In this installment of WTF, Columbia, Bwog reveals a tramatic experience with the notorious laundry system.
Two days ago, I spent my morning attempting to open a washing machine with a metal squeegee. Why, you ask? What could have possibly driven me to such MacGyver-esque (though admittedly crazy) behavior? The star of many a nightmare: Columbia laundry.
Let’s rewind. When I wandered down to the Schapiro laundry room at 10:30 am, the timer on the washing machine said my clothes had one minute left. Five minutes later, there was still one minute left. After ten minutes, I started suspecting that either a) the Schapiro laundry room had somehow broken free of the time-space continuum or b) something was fucked up.
My suspicions started to lean toward the latter when the washing machine started violently shaking. After attempting to bodily hold it down and force the door open with my superhuman strength, I decided to be an adult and call maintenance. No answer. Considering the possibility that my jeans would be forever stranded in the laundry netherworld, I decided to take matters into my own hands.
One minute in Schapiro-laundry-time twenty-five minutes later, I had tried everything from unplugging the machine itself (FYI not possible) to using the aforementioned squeegee (found on top of a dryer) as a lever to force the door open. Defeated, I started counting the change in my pocket and wondering if I had enough quarters to buy a new pair of jeans. In one last fit of frustration, I gave the washer a kick, slipped in a puddle, and ended up on my ass.
As I sat in that disguising, slightly-soapy-but-mostly-just-dirty puddle and watched all my pants get slowly eaten by the Washer From Hell, I had an epiphany: I should not have to physically wrestle a washing machine in order to get clean clothes. Doing laundry should not be this way.
Yes, yes, I’m sure almost every single Columbia student has come to this conclusion at some point or another (when you have to dry your clothes four times, when over half the machines are out of order, when you see a cockroach in a dryer and decide there is no goodness in the world – take your pick). But after a certain point, we’ve come to lower our expectations so dramatically that we’re excited when a dryer actually does its job. News flash: dryers are supposed to work on the first try.
To be honest, I can’t tell if our laundry machines are ridiculously fragile or they’re haunted by vengeful spirits if they never actually get fixed, but the outcome is the same regardless. The entire process – wash, re-wash (because you accidentally chose the one that doesn’t spin and now everything smells like mildew), dry, re-dry, triple-dry, run out of money – takes up way too much time and energy.
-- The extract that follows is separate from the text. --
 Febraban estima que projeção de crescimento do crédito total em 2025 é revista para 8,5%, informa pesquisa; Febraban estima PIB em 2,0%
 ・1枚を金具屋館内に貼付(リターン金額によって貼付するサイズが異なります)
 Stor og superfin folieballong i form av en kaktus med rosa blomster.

Not to mention valuable quarters you could be spending on half a subway ride or a fourth of a beer.
I mean, at least people aren’t shitting on our clothes like at Yale, but I feel like that should really be a given.
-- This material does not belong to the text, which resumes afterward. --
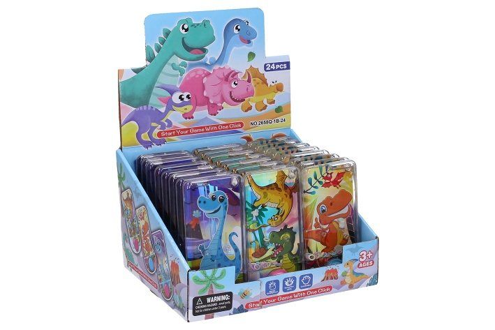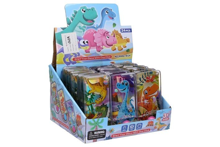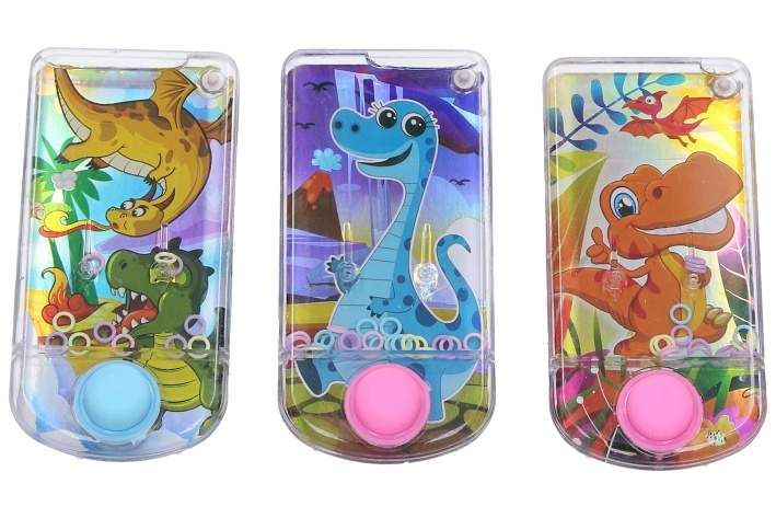 Vodní hra dinosaurus 6,5x13,5 cm. 24 ks display box. 3 varianty - modrý, žlutý, oranžový.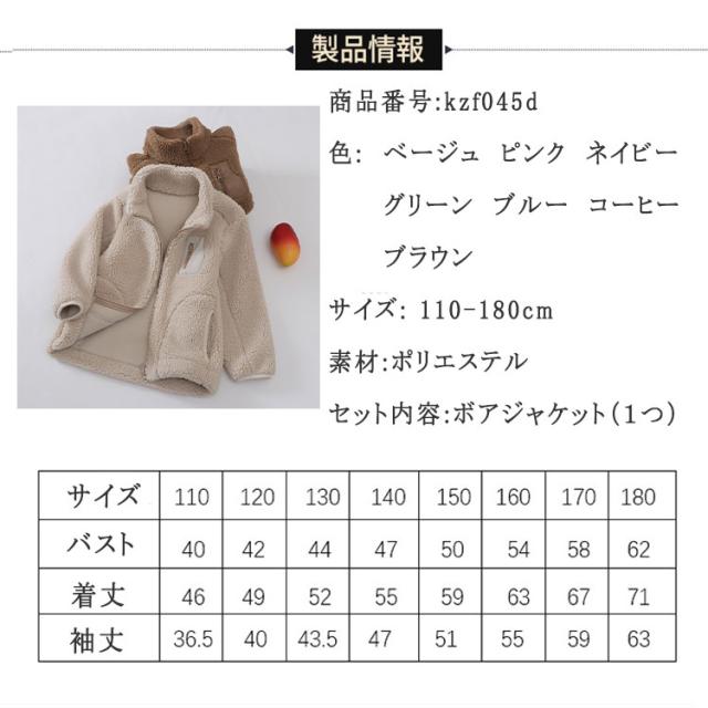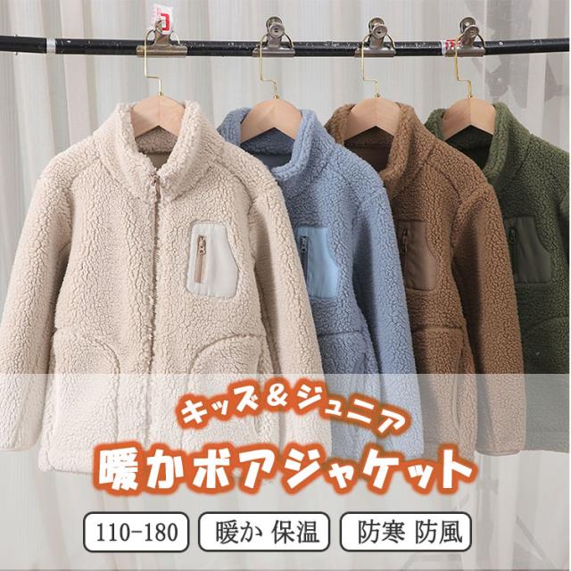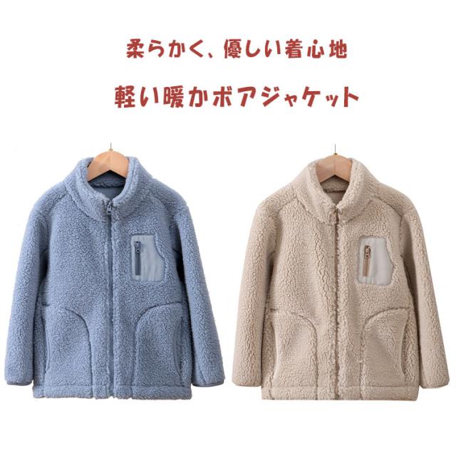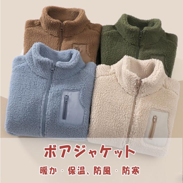 ボアジャケット キッズ ジュニア 暖か ジャンバー 冬 男の子 女の子 男女兼用 送料無料 あったか ボア ジャケット アウトドア アウター スタンドカラー 長袖 厚手 モコモコ 秋冬 防寒 保温 寒さ対策 フリース ふんわり 柔らか 通園 通学 可愛い

So I ask you, Columbia: WTF is up with the laundry situation? Every week (or two weeks if you’re lazy/ have a lot of underwear), the entire campus has to go through the same ordeal. Is it too much to ask that we have machines that work?
The struggle is real via Wikimedia
13 Comments
@Anonymous I hold a special hatred for the Nussbaum laundry machines, which require you to put money on a card that only takes increments of $5. As the laundry costs $1.70, the only way Columbia doesn’t get money for free is if you do an exact multiple of 50 loads.
@Alum2 Ah, I remember the good ol’ days of the washers and dryers costing $1.00, but because of the clever trick of flicking pennies through the coin-return and having them count as quarters, effectively only cost 4 cents per cycle.
@Alum Be careful what you wish for — I wish I had access to machines newer than 10 years old that are open 24/7… instead I pay $3.00 per load with a cash card that perpetually both refuses to reload and requires tweezers to pull out of the machine.
@anonymous HEAD’S UP!!! Hogan dryer #3 takes your money but doesn’t recognize that the closed door is actually closed (so it won’t let the dryer start), and dryer #7 spins the clothes and appears to be working, but doesn’t actually dry them. I had the great thrill of getting to try to use BOTH of these dryers within the past 2 hours…
@Seems to me that the issue with the dryers is actually an issue with the washer. Their spin cycle is so bad that the clothes come out dripping wet (even on super small loads). No dryer can handle that shit.
@You're not doing it right Clean the lint filter before putting it in the dryer and it dries… magic!
@BSGS Welcome to doing laundry in NYC. It won’t change when you’ve gotta do the same in your apartment.
@Anonymous stop complaining, this just happens when you put in too much detergent
@Anonymous it just takes longer (to wash out all the extra detergent) but your clothes come out fine when the cycle finally finishes.
@Anon No but there’s def a bigger issue here
@Really, bro? Did you just reply to yourself? You know there’s a track button, eh?
@Anonymous Um yes, I was elaborating on my initial post by supplying additional information…?
@Anon Agreed. I should be able to do my laundry in a three-hour between-classes gap without having to put it in for a second dryer round because the first one didn’t dry and then take it out of the dryer 20 minutes early so that I can run it up to my room and still have time to get to class. In my two past rounds of laundry (just one load each time!) the machines have eaten a total of $3.75.